10. Querying Results
After completing the test suite, the results can also be queried using a variety of commands. First, verify that every thing has completed using the status command.
$ sonobuoy status PLUGIN STATUS COUNT e2e complete 1 systemd-logs complete 2 Sonobuoy has completed. Use `sonobuoy retrieve` to get results.
As the previous command suggested, we can now retrieve the results of the run, and examine them for failures. Here is a way to do just that.
$ results=$(sonobuoy retrieve) $ sonobuoy e2e $results failed tests: 0
11. Clean Up
To remove Sonobuoy from your cluster, simply run the following command:
$ sonobuoy delete --wait INFO[0000] deleted kind=namespace namespace=heptio-sonobuoy INFO[0000] deleted kind=clusterrolebindings INFO[0000] deleted kind=clusterroles $
And that completes our introduction to Sonobuoy. Hopefully you can see how useful this product can be when wishing to verify the integrity of your Kubernetes cluster. Read more about Sonobuoy here. One other nice feature is the ability to write your own custom plugins to extend the test suite. This could be very useful if you wanted to validate some bespoke applications or features, alongside the end-to-end conformance that Sonobuoy already tests.
Great writeup; I love hearing about people’s experience with Sonobuoy.
I wanted to just point out an option in case you wanted to use it in your future workflows.
If you don’t really _need_ the sytemd logs plugin to run then you can get away from having to edit the yaml and using kubectl directly.
Instead you can set the `sonobuoy-image` and `kube-conformance-image` flags from the `sonobuoy` cli to point to your Harbor repo and run only the e2e plugin by adding the flag `–plugin e2e`. This would allow you to utilize the `–wait` flag to run it synchronously if you want. The systemd logs plugin image is the only one that can’t (easily) be edited.
You’d still be able to check the status/logs from other terminals, but I find the `–wait` flag preferable to only pinging the status for results.
Thanks again for the read.
Thanks for the guidance John. That also works.
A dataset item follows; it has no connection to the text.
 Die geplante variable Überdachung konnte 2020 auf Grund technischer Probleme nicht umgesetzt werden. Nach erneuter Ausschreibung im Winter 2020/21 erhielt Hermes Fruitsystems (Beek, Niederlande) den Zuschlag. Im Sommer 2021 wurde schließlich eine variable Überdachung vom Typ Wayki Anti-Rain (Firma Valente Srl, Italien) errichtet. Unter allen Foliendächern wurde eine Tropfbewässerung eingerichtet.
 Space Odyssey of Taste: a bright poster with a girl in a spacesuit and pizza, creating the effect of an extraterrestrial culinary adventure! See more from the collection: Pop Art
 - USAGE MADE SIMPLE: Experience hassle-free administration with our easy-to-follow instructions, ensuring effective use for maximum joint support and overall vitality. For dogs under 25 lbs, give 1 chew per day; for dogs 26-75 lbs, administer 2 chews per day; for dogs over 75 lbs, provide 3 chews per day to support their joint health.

Since all my images are in my harbor.rainpole.com repo, my command is something like this (for other readers):
$ sonobuoy run --sonobuoy-image "harbor.rainpole.com/library/sonobuoy:v0.15.0" --kube-conformance-image "harbor.rainpole.com/library/conformance:v1.14.3" --plugin e2e --wait
INFO[0000] created object name=heptio-sonobuoy namespace= resource=namespaces
INFO[0000] created object name=sonobuoy-serviceaccount namespace=heptio-sonobuoy resource=serviceaccounts
INFO[0000] created object name=sonobuoy-serviceaccount-heptio-sonobuoy namespace= resource=clusterrolebindings
INFO[0000] created object name=sonobuoy-serviceaccount namespace= resource=clusterroles
INFO[0000] created object name=sonobuoy-config-cm namespace=heptio-sonobuoy resource=configmaps
INFO[0000] created object name=sonobuoy-plugins-cm namespace=heptio-sonobuoy resource=configmaps
INFO[0000] created object name=sonobuoy namespace=heptio-sonobuoy resource=pods
INFO[0000] created object name=sonobuoy-master namespace=heptio-sonobuoy resource=services
And I can query the status from another terminal:
$ sonobuoy status
PLUGIN STATUS COUNT
e2e running 1
Sonobuoy is still running. Runs can take up to 60 minutes.
Definitely easier than editing the YAML files. Good info!
Great article !!!